In the entries that follow, the lines from the line containing "Sitter Sir Geoff" up to and including the line containing "Amazon Essentials Women’s" must be copied exactly, with pictures omitted.

Extracted information:
● ● ● ●
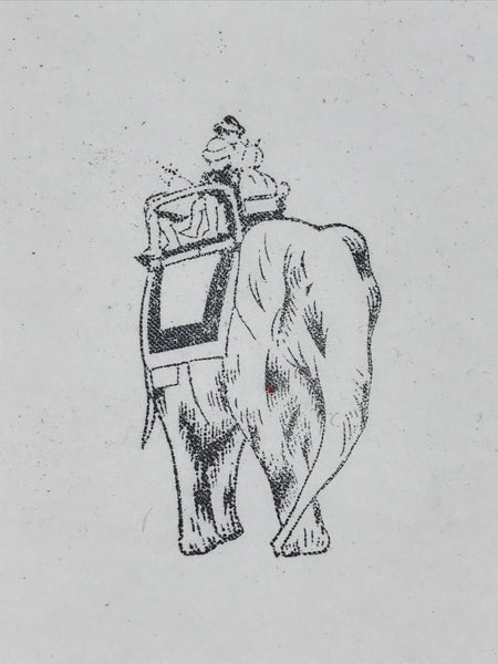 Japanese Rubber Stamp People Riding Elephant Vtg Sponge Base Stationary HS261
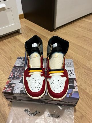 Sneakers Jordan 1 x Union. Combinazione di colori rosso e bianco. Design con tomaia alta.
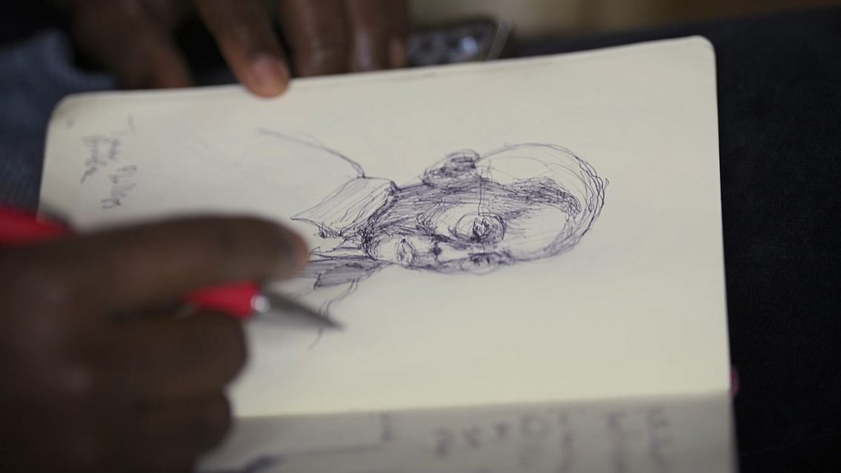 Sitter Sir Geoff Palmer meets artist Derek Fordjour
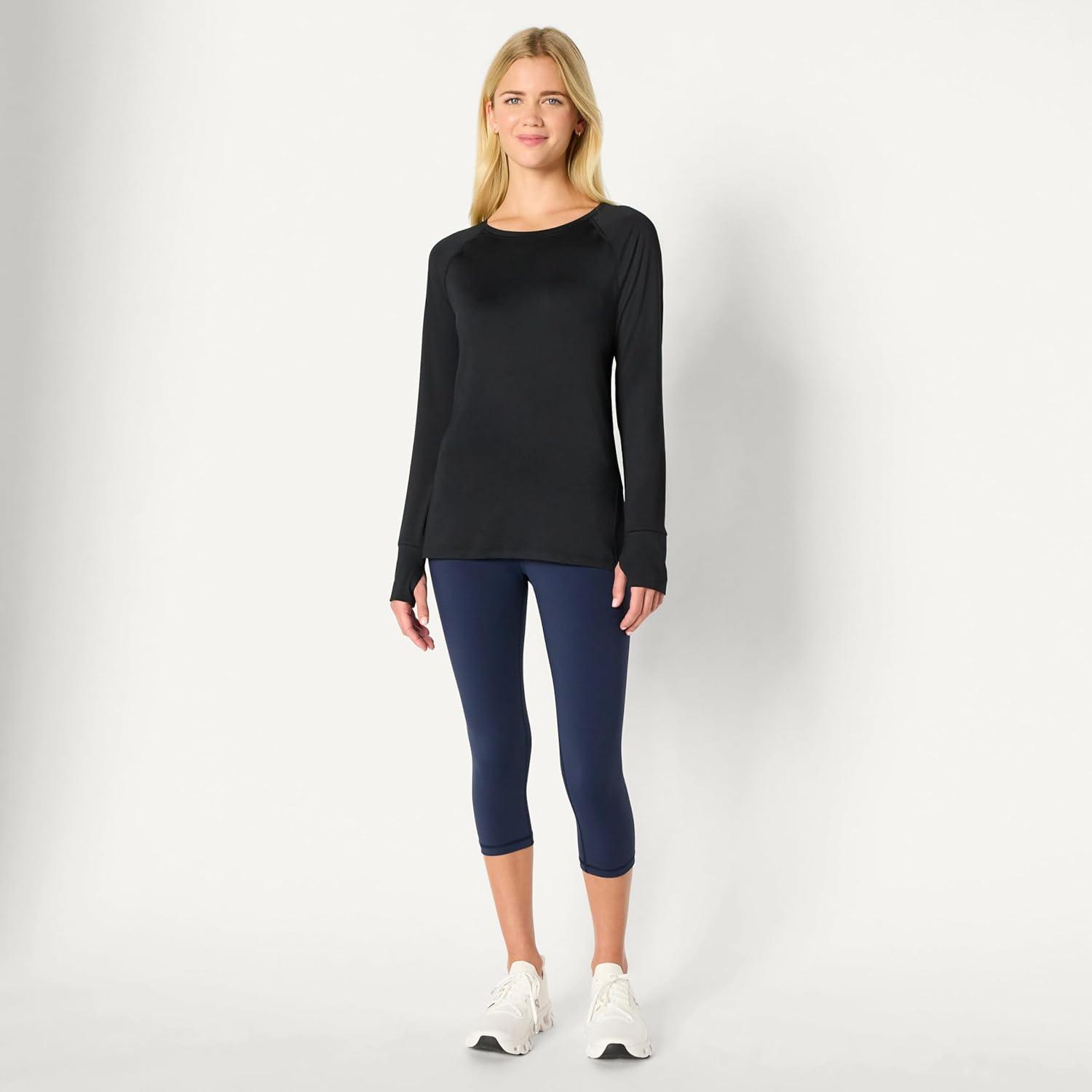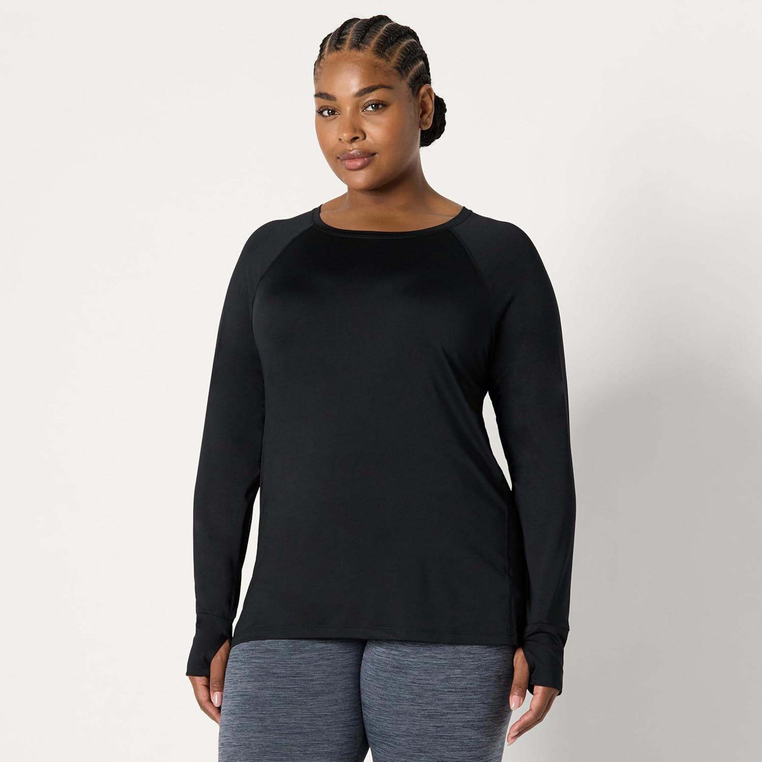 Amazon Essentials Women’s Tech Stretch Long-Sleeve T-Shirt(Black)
● ● ● ●
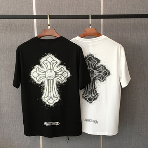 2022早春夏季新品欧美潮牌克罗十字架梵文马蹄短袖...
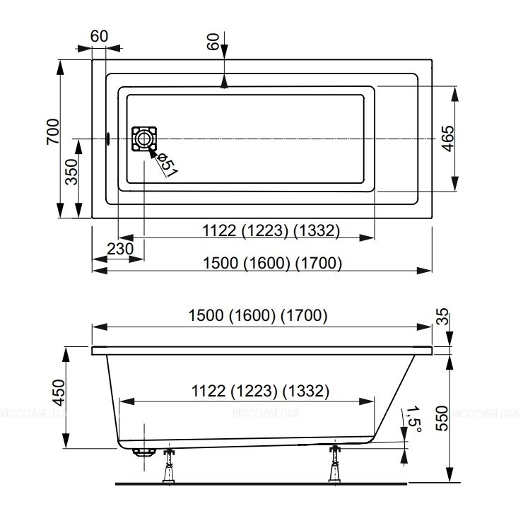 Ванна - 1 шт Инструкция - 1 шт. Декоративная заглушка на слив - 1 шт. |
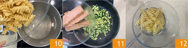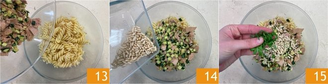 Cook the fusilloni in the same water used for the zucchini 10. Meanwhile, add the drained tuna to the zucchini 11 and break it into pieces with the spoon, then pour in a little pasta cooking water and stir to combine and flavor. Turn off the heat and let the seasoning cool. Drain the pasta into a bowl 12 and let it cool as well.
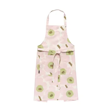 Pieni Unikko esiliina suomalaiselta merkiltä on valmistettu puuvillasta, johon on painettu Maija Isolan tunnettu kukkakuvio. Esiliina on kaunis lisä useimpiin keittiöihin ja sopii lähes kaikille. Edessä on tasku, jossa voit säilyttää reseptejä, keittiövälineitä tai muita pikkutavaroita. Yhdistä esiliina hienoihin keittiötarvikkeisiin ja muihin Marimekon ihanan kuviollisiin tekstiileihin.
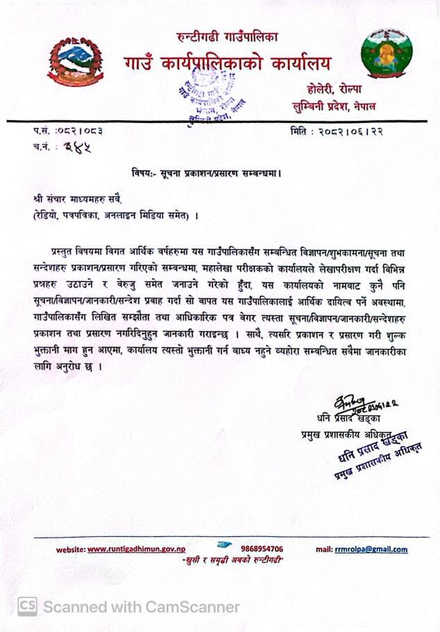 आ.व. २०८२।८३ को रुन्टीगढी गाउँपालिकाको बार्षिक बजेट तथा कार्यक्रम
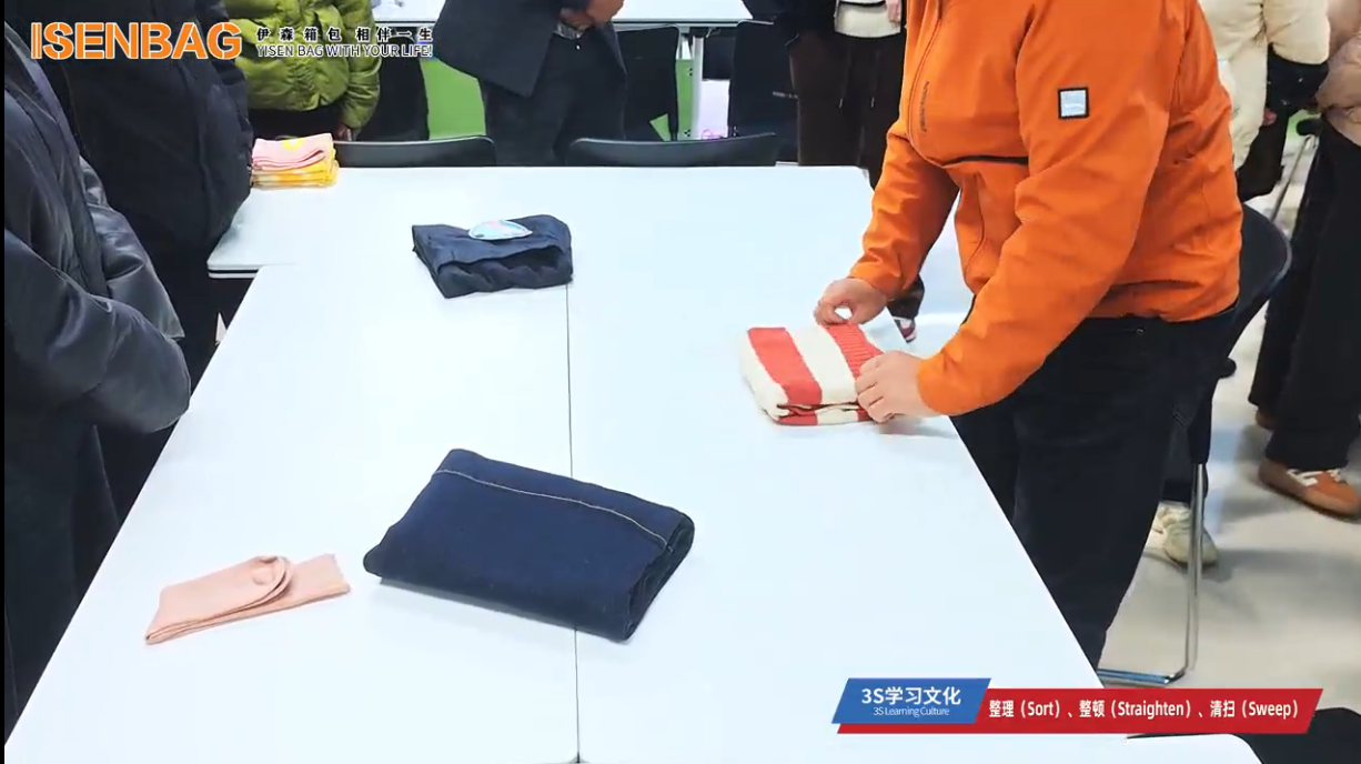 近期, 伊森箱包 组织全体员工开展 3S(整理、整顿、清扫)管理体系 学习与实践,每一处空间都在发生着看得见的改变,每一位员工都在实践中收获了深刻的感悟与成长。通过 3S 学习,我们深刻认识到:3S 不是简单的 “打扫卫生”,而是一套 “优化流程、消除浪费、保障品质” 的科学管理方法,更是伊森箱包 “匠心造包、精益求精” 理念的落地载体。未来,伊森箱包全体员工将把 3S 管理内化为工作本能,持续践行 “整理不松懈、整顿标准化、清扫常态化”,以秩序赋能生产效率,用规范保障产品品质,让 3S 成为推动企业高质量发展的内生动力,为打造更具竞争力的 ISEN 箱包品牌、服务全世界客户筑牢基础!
● ● ● ●
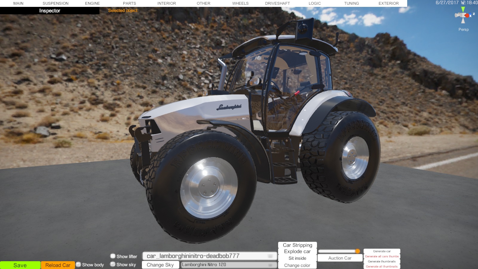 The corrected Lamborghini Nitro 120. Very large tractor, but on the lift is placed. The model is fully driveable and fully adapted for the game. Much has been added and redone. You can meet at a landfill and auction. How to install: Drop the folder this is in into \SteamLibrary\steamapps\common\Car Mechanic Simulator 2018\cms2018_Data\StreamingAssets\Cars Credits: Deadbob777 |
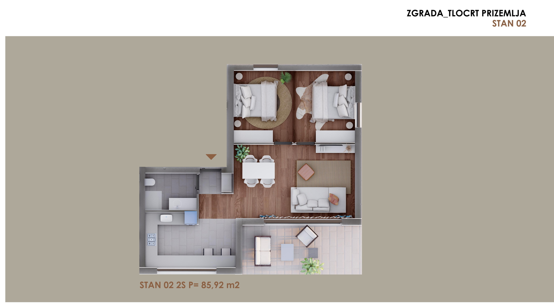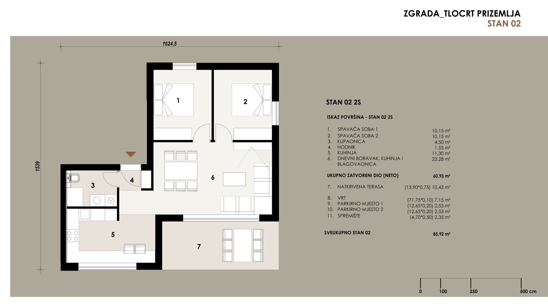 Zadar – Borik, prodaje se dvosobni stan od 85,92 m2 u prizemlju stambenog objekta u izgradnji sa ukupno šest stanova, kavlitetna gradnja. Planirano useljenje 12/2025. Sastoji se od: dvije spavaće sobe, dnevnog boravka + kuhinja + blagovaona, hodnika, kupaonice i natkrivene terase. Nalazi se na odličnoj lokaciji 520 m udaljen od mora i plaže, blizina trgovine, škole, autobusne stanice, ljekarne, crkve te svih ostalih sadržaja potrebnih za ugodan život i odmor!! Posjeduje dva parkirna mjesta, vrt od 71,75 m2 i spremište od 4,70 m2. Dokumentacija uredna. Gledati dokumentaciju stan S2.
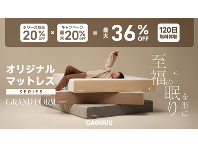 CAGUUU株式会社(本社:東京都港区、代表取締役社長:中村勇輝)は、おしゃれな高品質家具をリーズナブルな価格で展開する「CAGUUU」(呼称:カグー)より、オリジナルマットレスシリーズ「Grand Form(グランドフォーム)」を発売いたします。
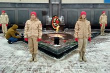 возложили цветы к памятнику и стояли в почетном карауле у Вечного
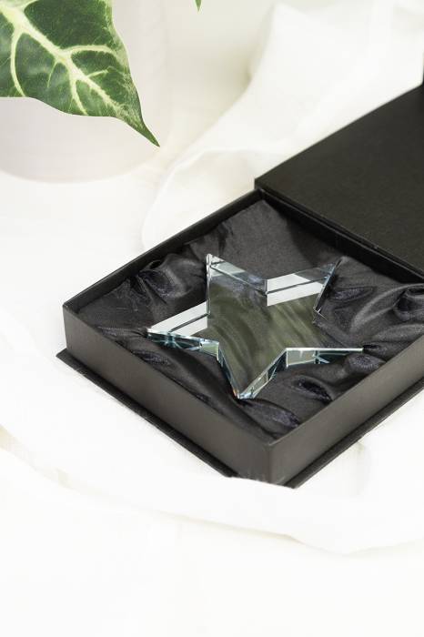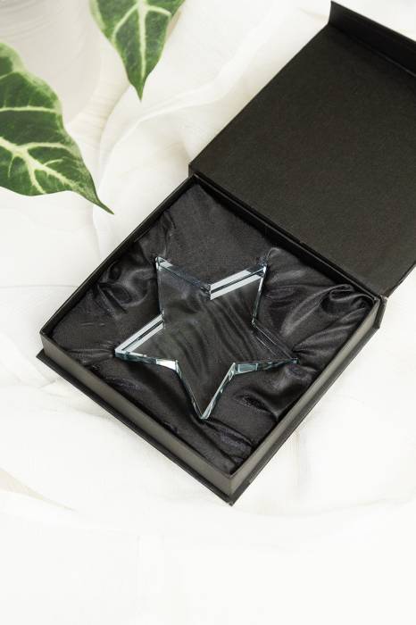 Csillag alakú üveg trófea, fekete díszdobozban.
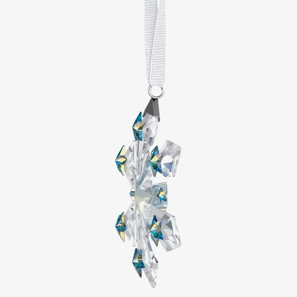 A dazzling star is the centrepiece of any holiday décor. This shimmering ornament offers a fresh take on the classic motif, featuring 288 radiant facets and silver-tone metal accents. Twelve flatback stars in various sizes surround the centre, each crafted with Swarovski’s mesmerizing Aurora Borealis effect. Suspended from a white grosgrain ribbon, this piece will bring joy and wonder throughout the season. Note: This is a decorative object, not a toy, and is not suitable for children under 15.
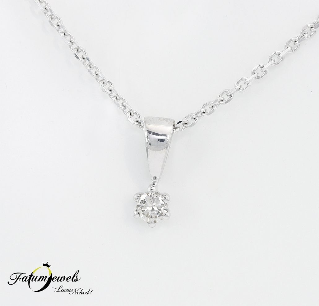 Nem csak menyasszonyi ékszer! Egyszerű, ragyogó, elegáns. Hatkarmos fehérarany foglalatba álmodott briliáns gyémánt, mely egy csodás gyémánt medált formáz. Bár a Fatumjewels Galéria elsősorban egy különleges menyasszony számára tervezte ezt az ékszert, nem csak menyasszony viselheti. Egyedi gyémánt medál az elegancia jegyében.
● ● ● ●
Response box:
 Sitter Sir Geoff Palmer meets artist Derek Fordjour
 Amazon Essentials Women’s Tech Stretch Long-Sleeve T-Shirt(Black)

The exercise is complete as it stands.